If there's a link to a selling or auction page, that would be helpful to have.

Paul/FF909

11

According to the seller there is no label. He states that this is normal practice for a prototype. Do we think this is real?

12

Gentlemen, it might make you feel better about being interested in this guitar to know that, if this is a prototype built before any Terada Gretsches were released for sale, it was built before 1990, which would make it at least 25 years old. That's nearly vintage, isn't it?

If there's a link to a selling or auction page, that would be helpful to have.

Paul/FF909

– Frequent Flyer 909

You raise an interesting point regarding Gretsch guitars built when they went back into production again in the late '80's. For instance, first, assuming that a '90's guitar that is now 25 years old begins being considered to be 'vintage', it can't simply be referred to as 'vintage' without an era adjective being added. 'Vintage' as we now use the term, refers to Gretsch guitars made either by Gretsch, up to the Baldwin takeover or under Baldwin ownership and quite frequently these Baldwin era guitars are described as vintage Baldwin to further define them, so I would expect that once Terada guitars get to be considered 'vintage', they'll need to have the name Terada attached to the description.
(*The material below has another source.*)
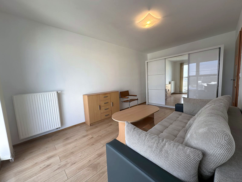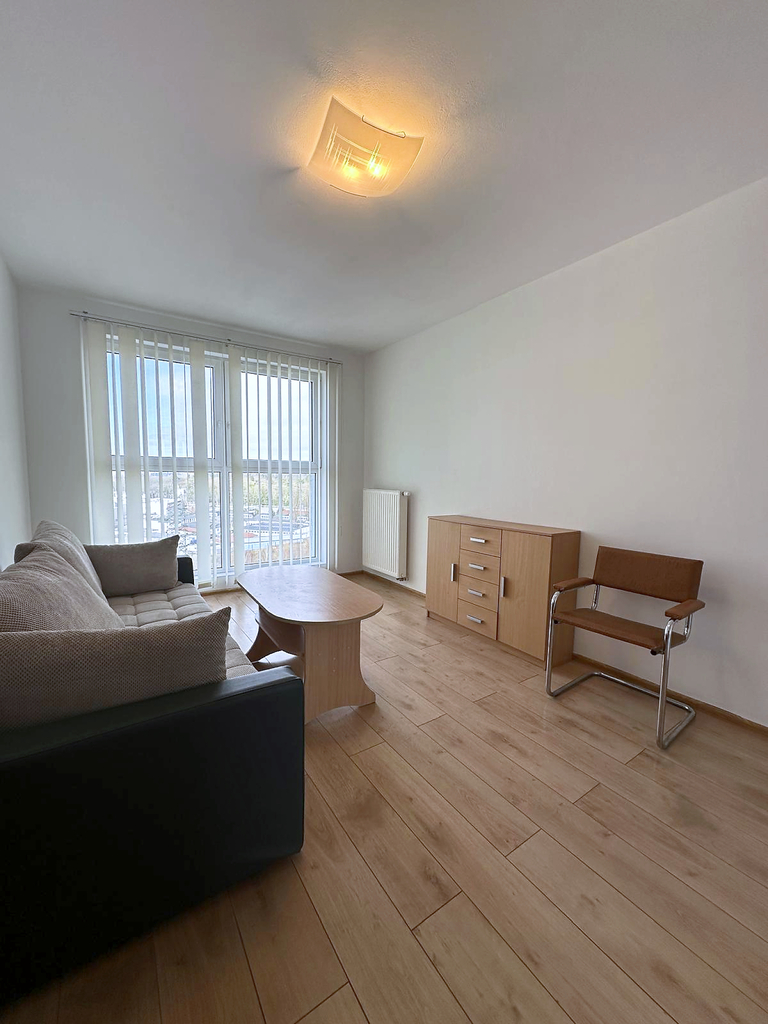 - przestronny salon wyposażony w duże okno z którego rozpościera się widok na panoramę miasta;
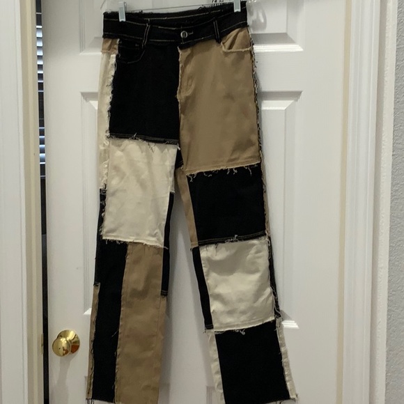 Patchwork jeans, zipper front with back pockets. Soft fabric with tan stitching.

So how old does a Terada guitar have to be to now be considered 'vintage'?

13

I always though it was 30 years before it becomes vintage? Any ideas on this labeless prototype?

14

When Fred Gretsch reintroduced the Gretsch branded guitars he went to Randy Bachman to borrow many if his collection to reverse engineer and use as references. Randy was very gracious about this, but he did request that he end up with some of the prototypes made during this process. He may have released one or two out into the world, who knows.
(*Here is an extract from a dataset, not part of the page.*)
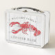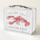Este diseño inspirado costero en esta fiambrera retra ofrece una langosta roja con su nombre persnalized arriba y las palabras "langosta cuecen" abajo. Diseñado por el ©Tim renombrado Coffey del artista del mundo.
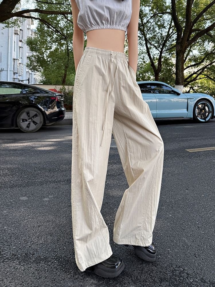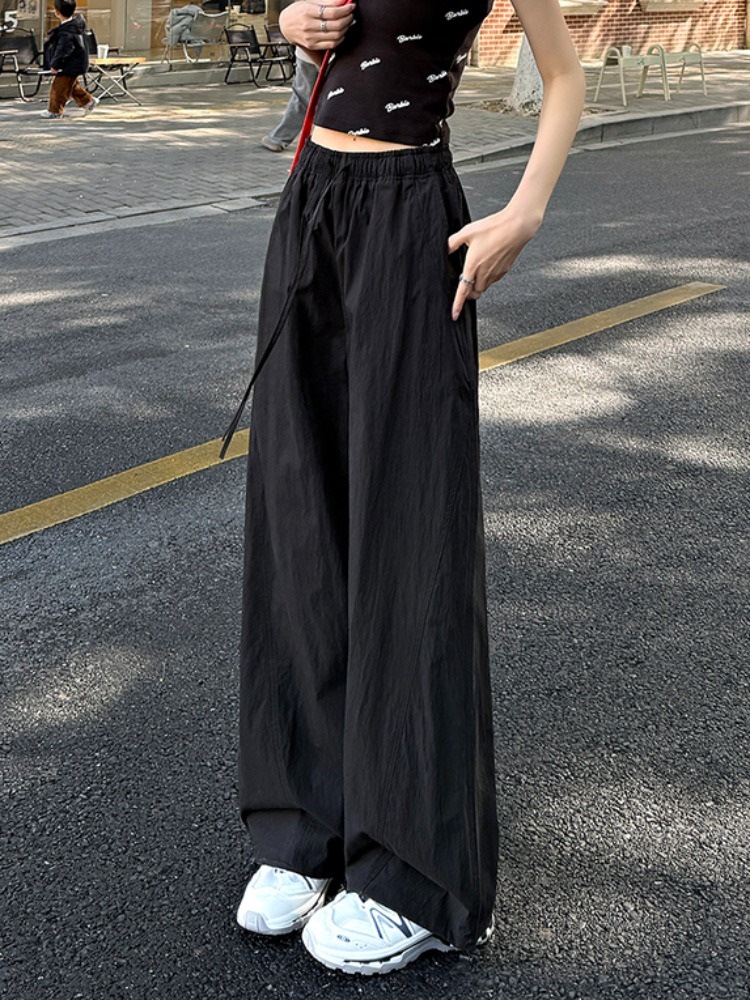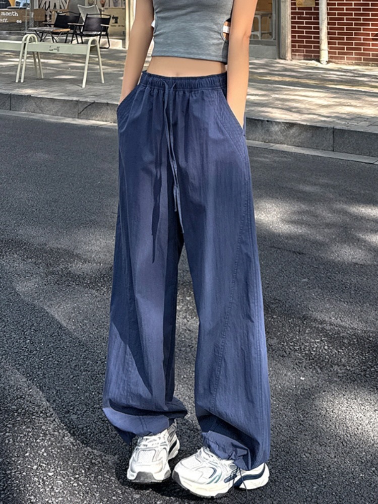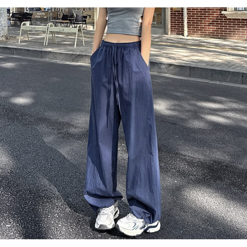 여성용 네이비 블루 속건성 작업복 봄 여름 하이 웨이스트 드레이프 루즈 캐주얼 와이드 레그 팬츠 드로스트링 레깅스 스웨트 팬츠스토어 가기

Andrew... you ARE in the Modern Gretsch section.

15

Man all it's missing is a good Bigsby and sixties type pickguard... I once owned a Baldwin era Atkins Axe. That was a killer guitar. I wish I still owned it. I sold it in the early 80's to a Corpus Christi, Tx. Detective friend of mine. I bought it new in like78. I ended up putting a Bigsby on it and a T-O-M bridge mounted right into the top. Took whatever the pickups were in it and replaced those with Bill Lawrence humbuckings. That was the closest thing I could find in 1980 to a FilterTron as far as clarity and tone. The neck was killer and had a totally flat fingerboard like my Travis Bean's. If I remember I think I put a pull-pot for coil tap. Say what you want about the Baldwin stuff, that guitar was killer. I had two Travis Beans, a 58 6120 Chet, a60 Strat and a `59 Gibson Melody Maker-D. That Gretsch held it's own with those.

16

If it's serial #0740, where is this information on the guitar? I remember trying out a Terada Synchro 400 with a triangular soundhole sometime in 1991 and that was a model we never saw in regular production, so anything is possible.

17

The serial number is on back of headstock but no label. Is there a contact at gretsch who woukd know?